Figure 1 : un état d’équilibre initial où l’altitude d’émission est Z1 et où la température de l’atmosphère à ce niveau est T1. Les couches sont représentées par différentes teintes de bleu, les plus froides étant les plus foncées. FS correspond au rayonnement solaire entrant au sommet de l’atmosphère et FIR le rayonnement infrarouge sortant au sommet de l’atmosphère. Le système est à l’équilibre car FS = FIR. TTerre est la température moyenne à la surface du globe. 

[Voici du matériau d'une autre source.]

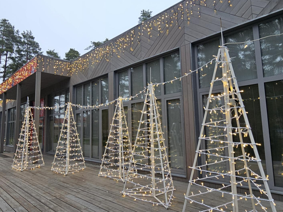 Еще одной украшенной локацией города стал городской парк. Вдоль аллей там зажгли сотни светодиодных лампочек, а возле медиацентра обустроили красочную фотозону.
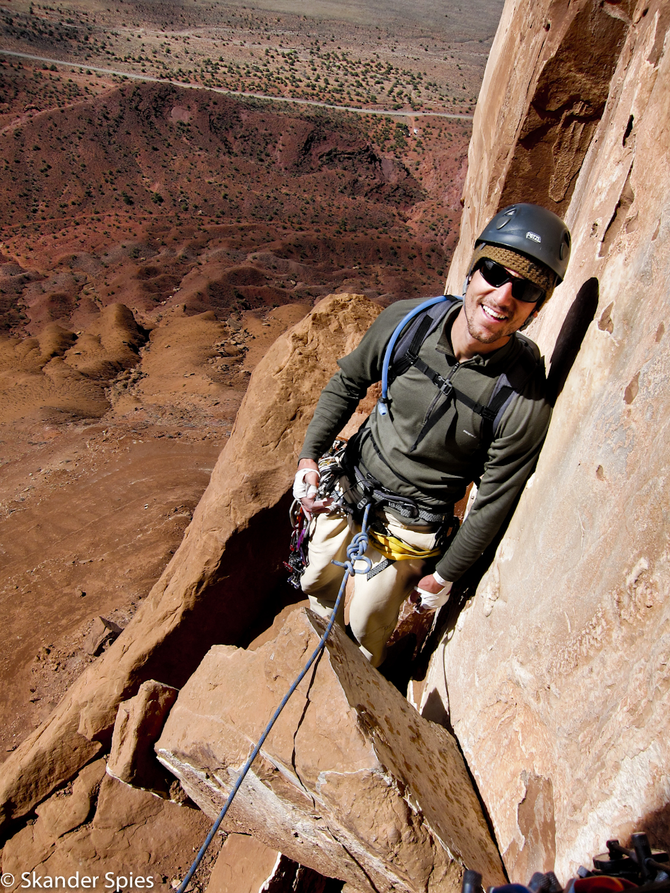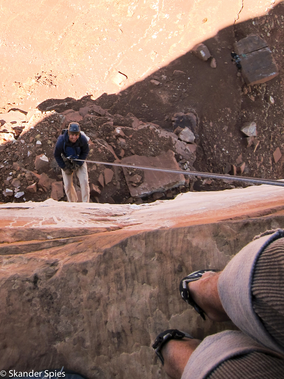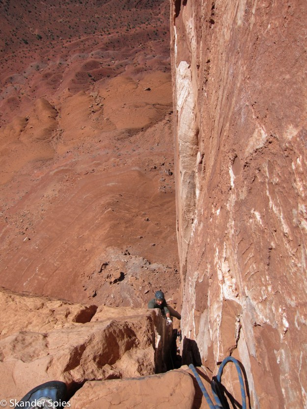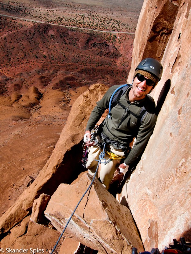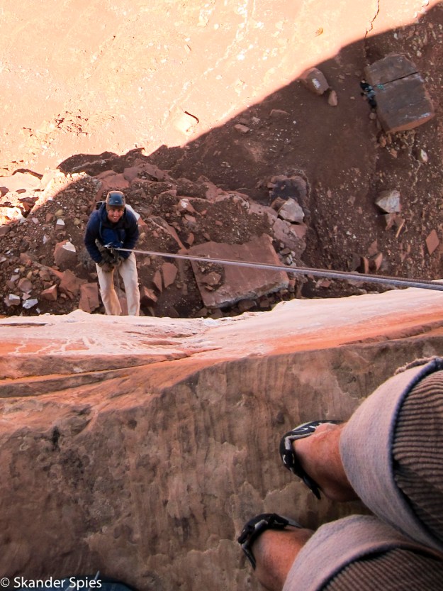 Jordan and I prepared carefully on Saturday night and got out the campground at 5:30am on Sunday morning. We followed the guidebook approach directions carefully and found the dirt road we expected. Approach roads for climbing routes are often difficult and this one was no exception, but the psyche was high and the judgement was low in the early morning hour. We had our doubts but the direction in the guidebook matched what we saw on the road and we continued through increasingly worse terrain. We finally got the car stuck at the bottom of a rough wash a few miles out from the paved road. We turned around but couldn’t make it back out. We unloaded the car and made another go of it- turns out 600lbs of climbing and camping gear affects both acceleration and ground clearance. We got out of the wash, reloaded the car and headed back towards pavement.

À l’exception d’un certain domaine de longueur d’onde, le rayonnement infrarouge émis par la surface de la Terre (loi de Stefan–Boltzmann) est intégralement absorbé par les basses couches de l’atmosphère – c’est à dire celles proches de la surface terrestre. C’est donc en réalité seulement le rayonnement infrarouge émis par les hautes couches de l’atmosphère qui va réussir à s’échapper vers l’espace. Plus précisément, le rayonnement infrarouge émis par la surface de la Terre va être entièrement absorbé par la première couche d'atmosphère qu'il traverse. Celle-ci émet à son tour un rayonnement infrarouge plus faible, dont la partie dirigée vers l'espace est absorbée par la couche supérieure, et ainsi de suite jusqu'à une certaine altitude. A partir de cette altitude, symbolisée par les pointillés roses sur la figure 1, la quantité de gaz à effet de serre est assez faible pour qu'une part importante du rayonnement infrarouge émis à cette altitude puisse atteindre l’espace. On la nomme « altitude d’émission » : dans la figure 1, elle est indiquée par Z1, et sa température est T1


Lorsqu’on ajoute du CO2 dans l’atmosphère, on augmente le nombre de couches totalement absorbantes et, par conséquent, l’altitude d’émission augmente, comme cela est représenté sur la figure 2. Cela signifie que le rayonnement infrarouge qui parvient à s’échapper vers l’espace est émis par une couche plus froide qu’auparavant : sur la figure 2, la température T2 à l’altitude Z2 est inférieure à T1. Ce rayonnement infrarouge, qui est évacué vers l’espace, est donc moins important (loi de Stefan–Boltzmann). En ajoutant du CO2 dans l’atmosphère, le rayonnement infrarouge sortant vers l’espace est plus faible : FIR dans la figure 2 est inférieur à FIR dans la figure 1. Comme le rayonnement solaire entrant n’est pas modifié, FS est supérieur à FIR : le système n’est donc plus à l’équilibre (figure 2).

Figure 2 : État de l’atmosphère après ajout de CO2. L’épaisseur de l’atmosphère totalement absorbante a augmenté ; la nouvelle altitude d’émission Z2 est donc plus élevée et la température à cette altitude plus froide. Le système n’est plus à l’équilibre : FS > FIR. Voir la figure 1 pour une légende plus complète. 

Autour de l'altitude d’émission, le rayonnement absorbé est devenu supérieur au rayonnement infrarouge émis. Cela entraîne un réchauffement de l’atmosphère à cette altitude. C’est ensuite par des mouvements dans l’atmosphère que les couches vont se réchauffer de proche en proche. La température de la surface de la Terre va également finir par augmenter, comme on peut le voir sur la figure 3.

Figure 3 : Nouvel état d’équilibre de l’atmosphère après ajout de CO2. Au niveau de la nouvelle altitude d’émission Z2, et comme dans le reste de l’atmosphère, la température est plus élevée. La température à la surface du globe a, elle aussi, augmenté. Voir la figure 1 pour une légende plus complète.